The flooding killed six, injured 89, left about 30,000 homes flooded and caused about $500 million in damage. A 30‐county area of Michigan was declared a federal disaster area. The Silver Lake Dam, 30 miles upstream of Marquette in the Upper Peninsula, failed on May 14, 2003, when nearly 5 inches of rain fell within 48 hours. It forced the evacuation of 1,800 people and resulted in more than $100 million in damage, with economic losses downstream of $1 million per day, according to ASCE. The dam was rebuilt in 2008.
More than half of the state’s dams are privately owned, often mom‐and‐pop‐type organizations — maybe a condominium association that had a dam installed for their lake, said the DEQ’s Lane. The cost of dam repairs, often exceeding $100,000, is a “huge hit” for most. The limited grant funds available aren’t typically to repair dams but to remove them and restore the river’s natural flows and fish habitat.
Four state‐managed, high‐hazard dams are rated in poor or unsatisfactory condition:
- The Hamilton Dam in Flint.
- The Otsego and Trowbridge dams on the Kalamazoo River in Allegan County. There, the issue isn’t so much the flood potential behind the dams, but the toxic polycholorinated biphenyls, or PCBs, a vestige of the former paper mills along the river, now held in the sediments built up behind the crumbling dams, said Byron Lane, the DEQ’s dam safety chief. A stopgap, temporary dam was completed last year upstream of the Otsego dam to alleviate pressure upon it, after inspectors found its condition rapidly worsening.
- The Boardman Dam, owned by Grand Traverse County on the Boardman River. The removal of this dam is to begin this spring.

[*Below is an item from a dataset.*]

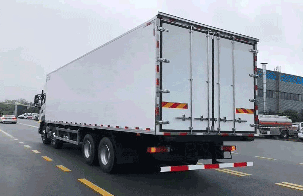 | 其他 | 隨底盤選裝僅高度不同的駕駛室,高頂駕駛室頂部氣喇叭為選裝件,駕駛室前角擾流板為選裝件,選裝單油箱或雙油箱;貨廂選裝單開門,雙開門和不開門型式;選裝其它廠家功率相當的制冷機組,選裝前置式,內置式,底置式制冷機組;選裝升降尾板,尾板收起狀態時的水平長度為295mm;廂體頂部封閉,不可開啟;側防護:材料Q235,螺栓連接;后下防護:材質Q235.螺栓連接,斷面尺寸120×60mm,離地高度460mm;安裝具有衛星定位功能的行駛記錄儀;裝有ABS,ABS型號/生產廠家:ABS 8/東科克諾爾商用車制動系統(十堰)有限公司;發動機DDi11E465-60對應油耗申報值37.1L/100km. | ||
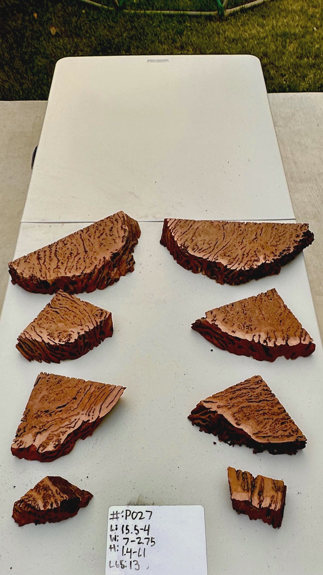 Premium Highly Figured Red Box Burl Multi Sets Size: 1@15.5-4"x7-2.75"x1.4-1.1"

For those without a trout stream waiting to happen behind their private dam, finding money for removal is very difficult, Krusinga said. The upcoming update to the ASCE’s dam report card will recommend finding financial assistance for private dam owners to remove their crumbling infrastructure even if there’s not a significant ecological benefit, he said.
A dam can last centuries if it’s properly inspected and maintained, Lane said. What’s happening now to dams in Michigan and nationwide, as is the case with roads and bridges, stems from neglect.
“Infrastructure needs attention; it needs financial attention,” he said.